• THE RECORDS
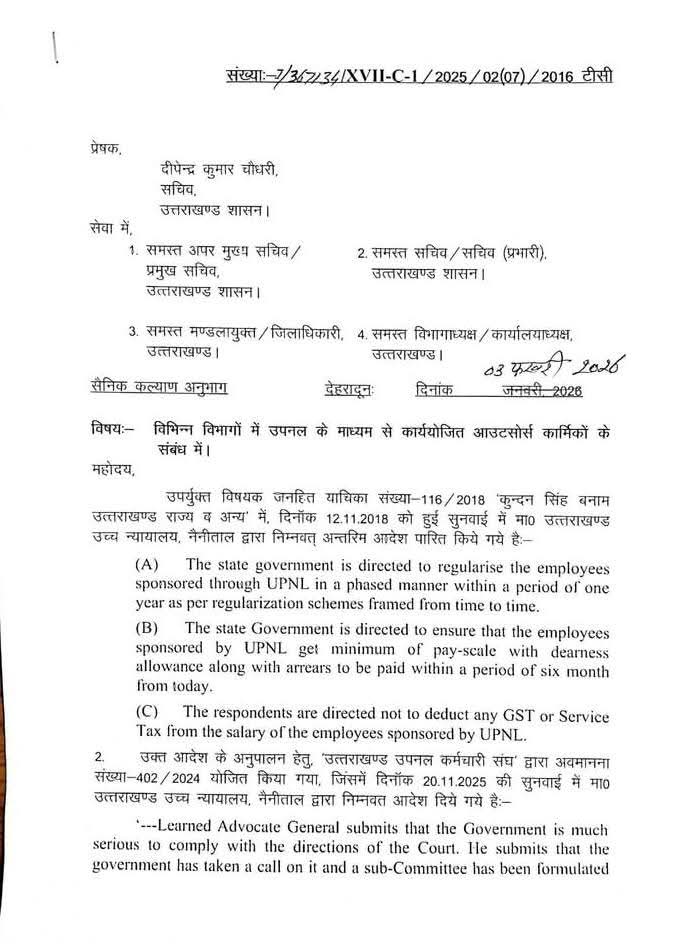 उपनल कर्मचारियों के लिए अच्छी खबर है। धामी सरकार ने समान कार्य समान वेतन का आदेश जारी कर दिया। दस साल की सेवा वाले आठ हजार से अधिक कर्मचारियों को इसका लाभ मिलेगा।
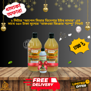 তাকওয়া আপেল সিডার ভিনেগার উইথ মাদার – ২ লিটার (ডেলিভারি চার্জ ফ্রী) সাথে ৩৫০ টাকা মূল্যের তাকওয়া জিঞ্জার শ্যাম্পু গিফট। অফার সীমিত সময়ের জন্য
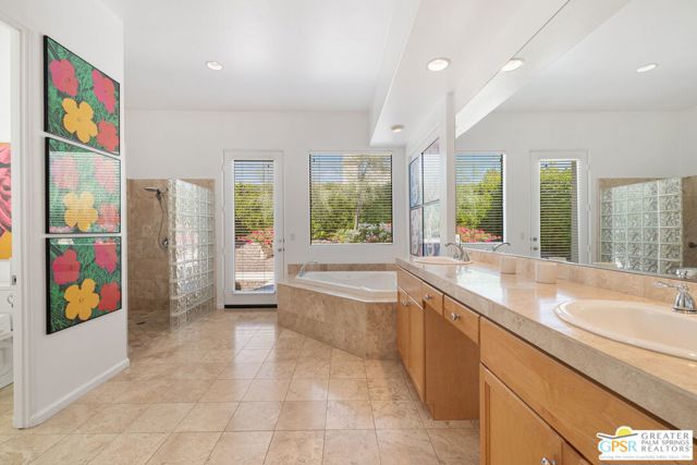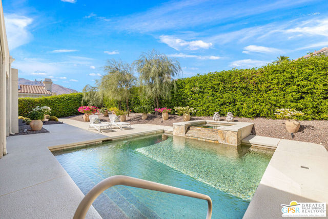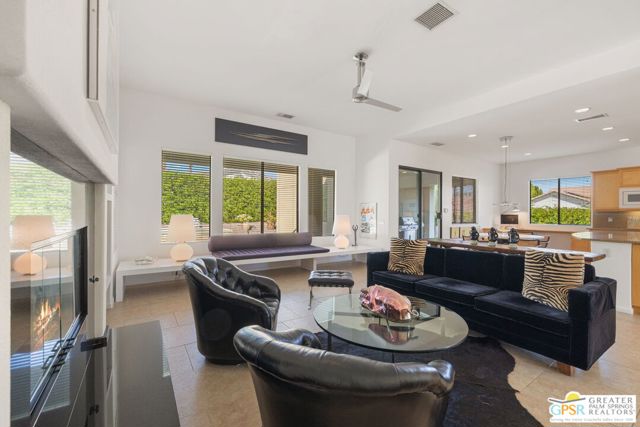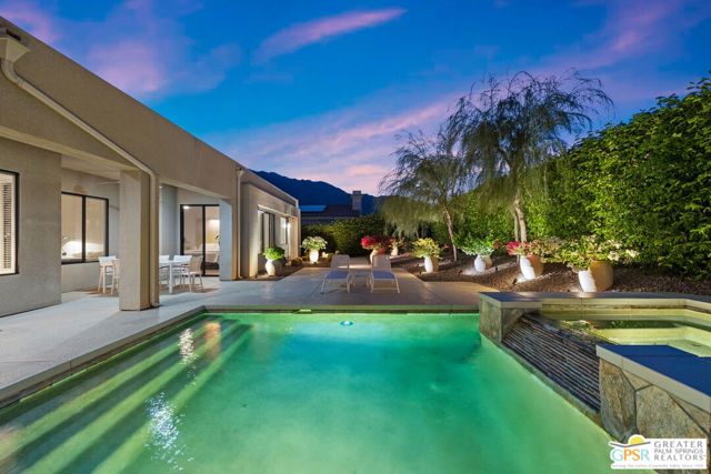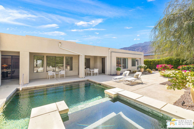 Palm Springs Contemporary living at its best! Single level on land you own (Fee Land) and ultra-private, this beautifully maintained home in the sought-after PS Colony neighborhood delivers amazing curb appeal from its desirable corner lot. A detached casita adds wonderful flexibility for guests or extended stays, complementing the home’s 4 bedrooms and 3.5 baths overall. Inside, the open-concept living area is anchored by a stylish fireplace and flows effortlessly to the formal dining room and expansive kitchen with oversized island, walk-in pantry, and a convenient butler’s pantry between the kitchen and dining areas. The primary suite opens directly to the pool and features a spa-like bath with separate tub and shower, dual vanities, large walk-in closet, and direct patio access. Outdoor living shines with a sparkling pool and spa framed by multiple conversation areas, artful landscape lighting, and thoughtfully designed hardscape that make entertaining a joy. Additional highlights include leased solar in place, newer foam roof, attached garage with built-ins, and pride of ownership throughout. Dramatic views of Mt. San Jacinto and the twinkling lights of the Aerial Tram create the perfect Palm Springs backdrop. The best of Uptown Palm Springs is just a short hop away. Take the Matterport Virtual Tour for a better sense of flow.
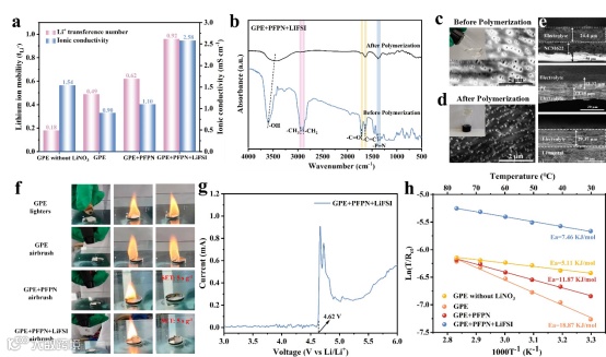 图2. 通过进行离子电导率、锂离子迁移数、LSV、SEM、FT-IR等测试对电解质的电化学性能进行表征。
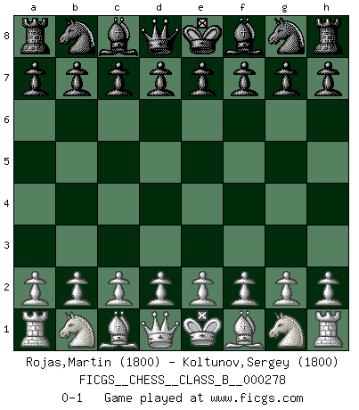 Last move : 0-1 2018 July 21 8:6:14 [Event "FICGS__CHESS__CLASS_B__000278"] [Site "FICGS"] [Date "2018.06.11"] [Round "1"] [White "Rojas,Martin"] [Black "Koltunov,Sergey"] [Result "0-1"] [WhiteElo "1800"] [BlackElo "1800"] 0-1 This chess game has been lost on time (started : 2018.06.11 2:38:7) Player Black won this chess game. Follow this game move after move (download)On the chessboard, lies and hypocrisy do not survive long. (Emanuel Lasker) Wer mein Gambit spielt, muß bereit sein, alle Brücken hinter sich abzubrechen. Es verändert den ganzen Menschen. Es wirkt wie ein Zauberstab und fördert verkümmerte, gute Charakter- eigenschaften wieder zu Tage. (Emil Joseph Diemer) Yo siempre he tenido un ligero sentimiento de lástima por una persona que no tiene conocimiento del Ajedrez. (Siegbert Tarrasch) En blitz, le Cavalier l'emporte sur le Fou. (Vlastimil Hort) History is the quarrels of popes and kings, with wars or pestilences in every page; the men all so good for nothing, and hardly any women at all. (Jane Austen)
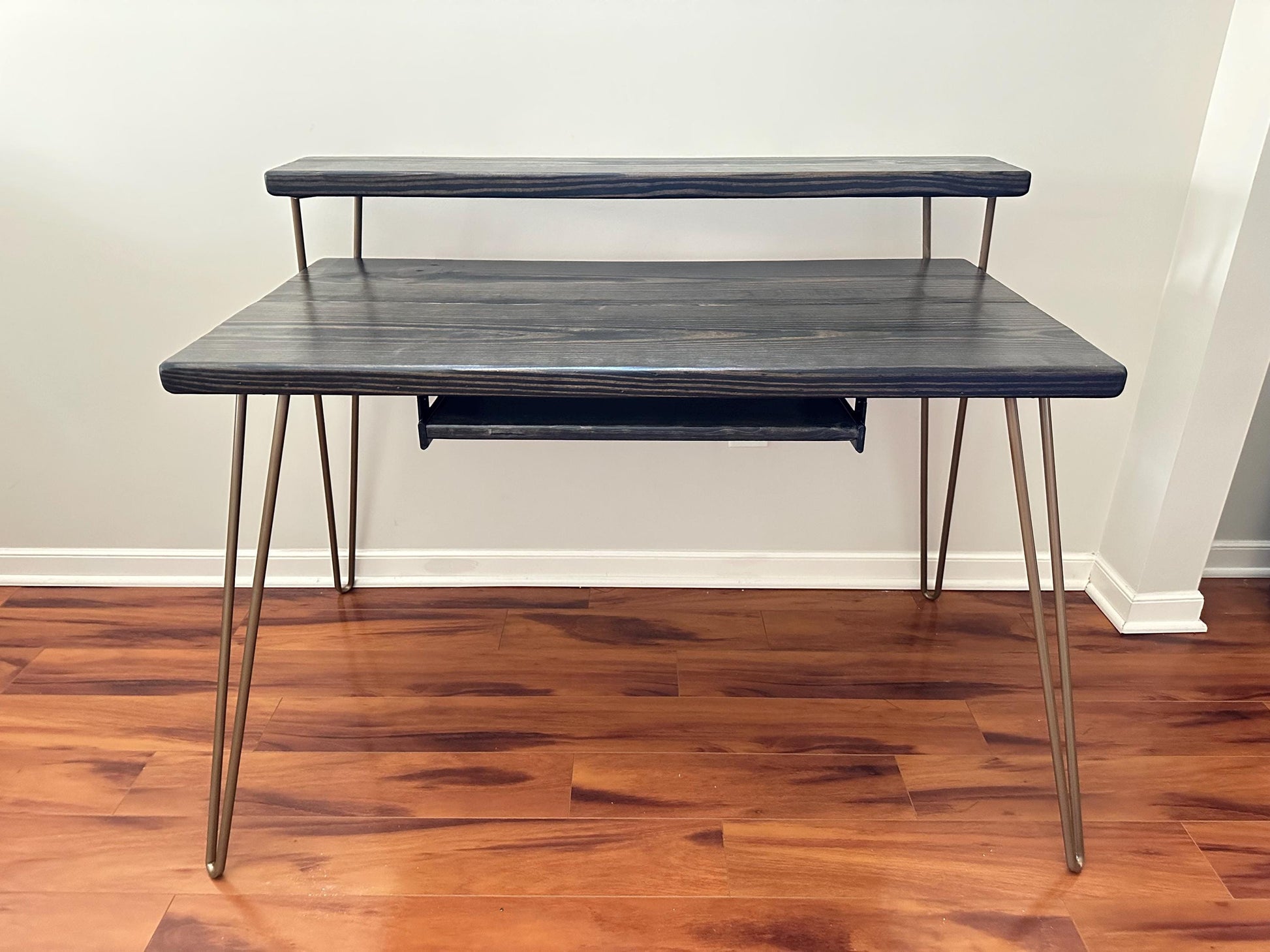 Steel and Wood Desk - Monitor Shelf - Gold Finish Steel Legs - Keyboard Tray - Real Wood Furniture

• ACTIVITY
The reply should hold every record, unchanged, and no pictures.

• TASK RESULT
 उपनल कर्मचारियों के लिए अच्छी खबर है। धामी सरकार ने समान कार्य समान वेतन का आदेश जारी कर दिया। दस साल की सेवा वाले आठ हजार से अधिक कर्मचारियों को इसका लाभ मिलेगा।
 তাকওয়া আপেল সিডার ভিনেগার উইথ মাদার – ২ লিটার (ডেলিভারি চার্জ ফ্রী) সাথে ৩৫০ টাকা মূল্যের তাকওয়া জিঞ্জার শ্যাম্পু গিফট। অফার সীমিত সময়ের জন্য
 Palm Springs Contemporary living at its best! Single level on land you own (Fee Land) and ultra-private, this beautifully maintained home in the sought-after PS Colony neighborhood delivers amazing curb appeal from its desirable corner lot. A detached casita adds wonderful flexibility for guests or extended stays, complementing the home’s 4 bedrooms and 3.5 baths overall. Inside, the open-concept living area is anchored by a stylish fireplace and flows effortlessly to the formal dining room and expansive kitchen with oversized island, walk-in pantry, and a convenient butler’s pantry between the kitchen and dining areas. The primary suite opens directly to the pool and features a spa-like bath with separate tub and shower, dual vanities, large walk-in closet, and direct patio access. Outdoor living shines with a sparkling pool and spa framed by multiple conversation areas, artful landscape lighting, and thoughtfully designed hardscape that make entertaining a joy. Additional highlights include leased solar in place, newer foam roof, attached garage with built-ins, and pride of ownership throughout. Dramatic views of Mt. San Jacinto and the twinkling lights of the Aerial Tram create the perfect Palm Springs backdrop. The best of Uptown Palm Springs is just a short hop away. Take the Matterport Virtual Tour for a better sense of flow.
 图2. 通过进行离子电导率、锂离子迁移数、LSV、SEM、FT-IR等测试对电解质的电化学性能进行表征。
 Last move : 0-1 2018 July 21 8:6:14 [Event "FICGS__CHESS__CLASS_B__000278"] [Site "FICGS"] [Date "2018.06.11"] [Round "1"] [White "Rojas,Martin"] [Black "Koltunov,Sergey"] [Result "0-1"] [WhiteElo "1800"] [BlackElo "1800"] 0-1 This chess game has been lost on time (started : 2018.06.11 2:38:7) Player Black won this chess game. Follow this game move after move (download)On the chessboard, lies and hypocrisy do not survive long. (Emanuel Lasker) Wer mein Gambit spielt, muß bereit sein, alle Brücken hinter sich abzubrechen. Es verändert den ganzen Menschen. Es wirkt wie ein Zauberstab und fördert verkümmerte, gute Charakter- eigenschaften wieder zu Tage. (Emil Joseph Diemer) Yo siempre he tenido un ligero sentimiento de lástima por una persona que no tiene conocimiento del Ajedrez. (Siegbert Tarrasch) En blitz, le Cavalier l'emporte sur le Fou. (Vlastimil Hort) History is the quarrels of popes and kings, with wars or pestilences in every page; the men all so good for nothing, and hardly any women at all. (Jane Austen)
 Steel and Wood Desk - Monitor Shelf - Gold Finish Steel Legs - Keyboard Tray - Real Wood Furniture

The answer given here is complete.